*** Provided material

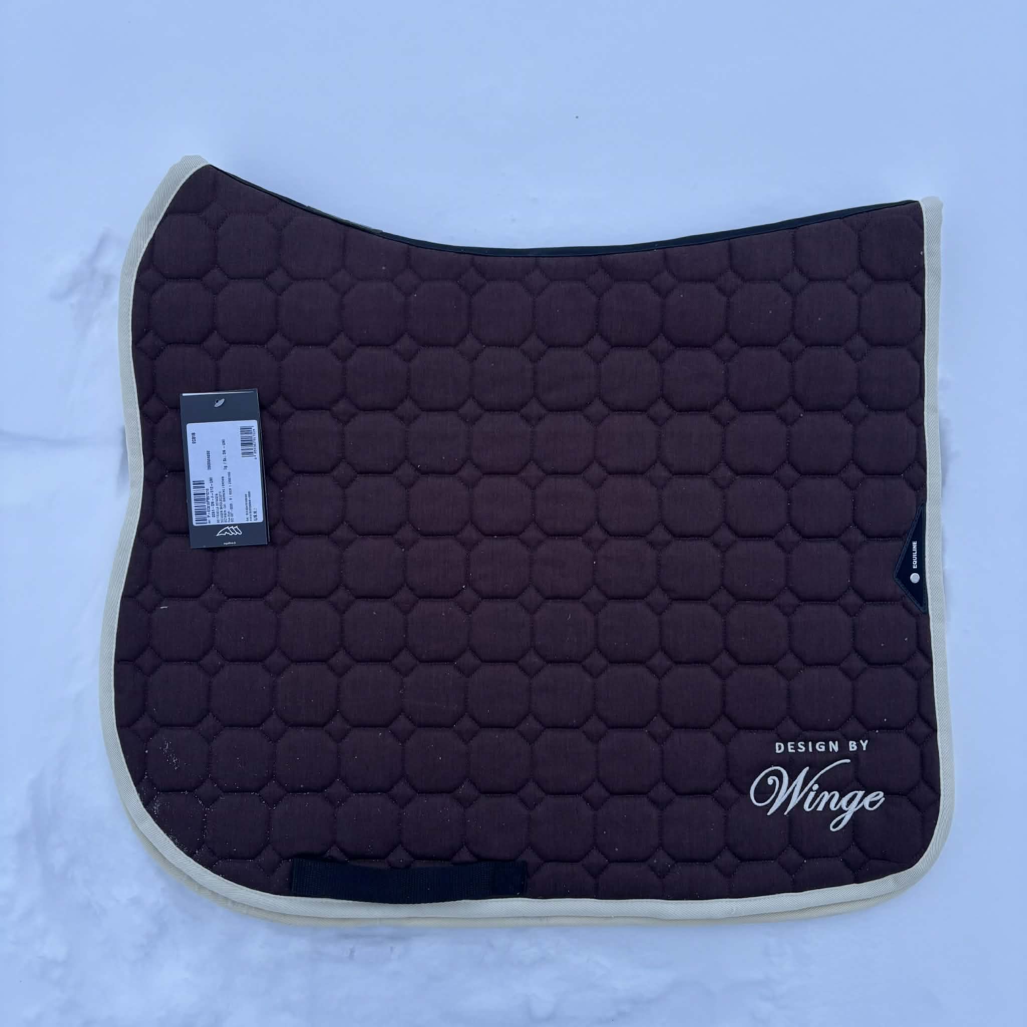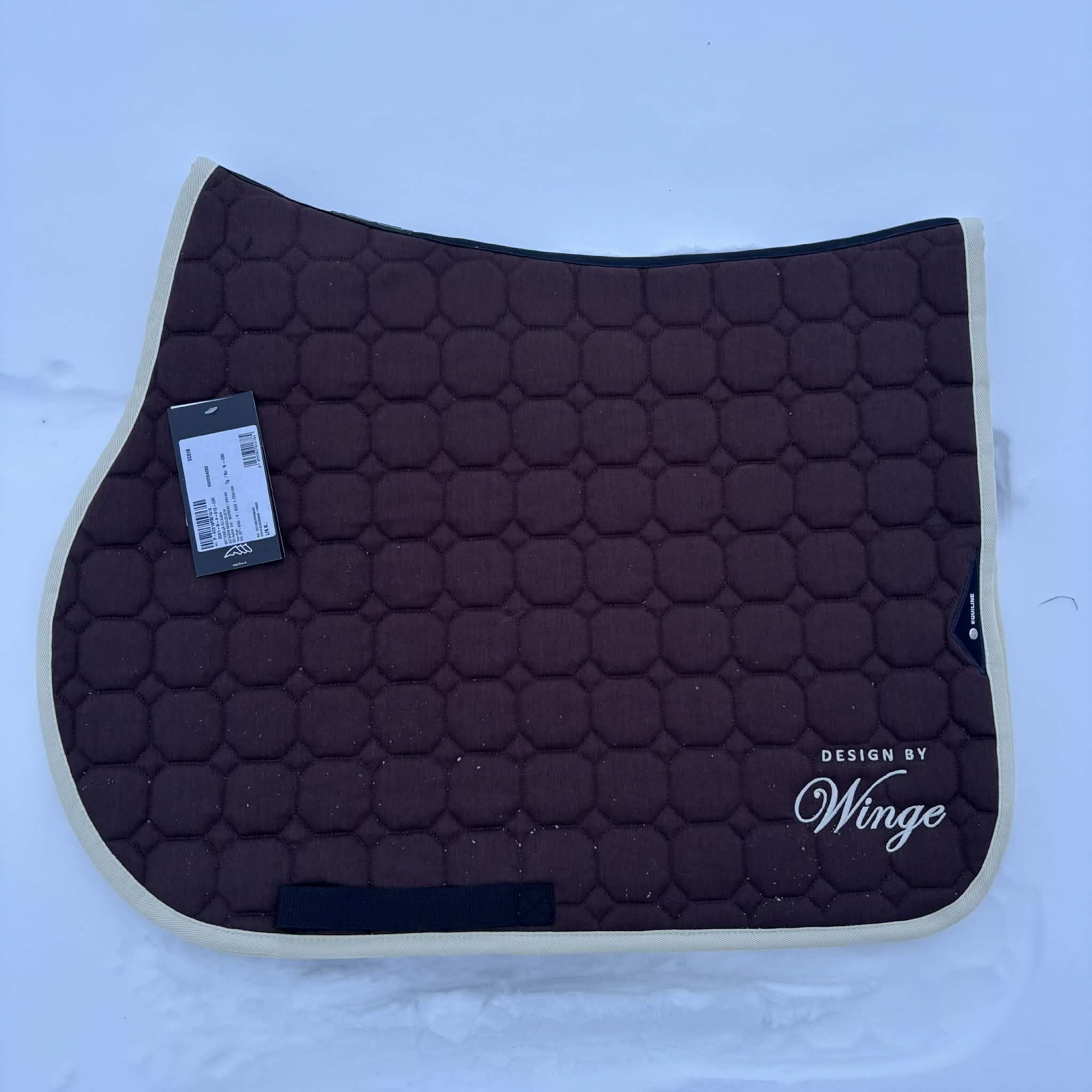 Octagon Schabrak från Equiline. Brunt med beige logga och kantband
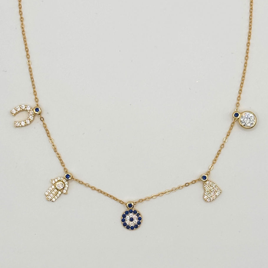 Discover peace and protection with CILLAMINA Jewelry's exquisite Evil Eye Charm Necklace. Crafted with a 14 kt gold overlay on sterling silver, this charming piece embodies elegance and resilience. The intricate design draws from ancient traditions to safeguard against negative energy while adding a touch of sophistication to any outfit. Perfectly reflecting CILLAMINA's commitment to quality and craftsmanship, this necklace is a stylish testament to the power of thoughtful design. Elevate your accessory collection with this meaningful and versatile piece.
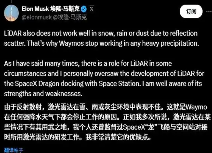 马斯克称Waymo的自动驾驶激光雷达方案在恶劣天气条件下,如降雪、降雨甚至沙尘暴等场景中,激光雷达会陷入导航困境。并表示:“受反射散射影响,激光雷达在雪、雨或沙尘环境下表现糟糕,这也是Waymo在强降水天气里完全无法行驶的原因。”

******

§ Task requirements: Print the material in full and exactly, minus the pictures.

§ Written answer:
 Octagon Schabrak från Equiline. Brunt med beige logga och kantband
 Discover peace and protection with CILLAMINA Jewelry's exquisite Evil Eye Charm Necklace. Crafted with a 14 kt gold overlay on sterling silver, this charming piece embodies elegance and resilience. The intricate design draws from ancient traditions to safeguard against negative energy while adding a touch of sophistication to any outfit. Perfectly reflecting CILLAMINA's commitment to quality and craftsmanship, this necklace is a stylish testament to the power of thoughtful design. Elevate your accessory collection with this meaningful and versatile piece.
 马斯克称Waymo的自动驾驶激光雷达方案在恶劣天气条件下,如降雪、降雨甚至沙尘暴等场景中,激光雷达会陷入导航困境。并表示:“受反射散射影响,激光雷达在雪、雨或沙尘环境下表现糟糕,这也是Waymo在强降水天气里完全无法行驶的原因。”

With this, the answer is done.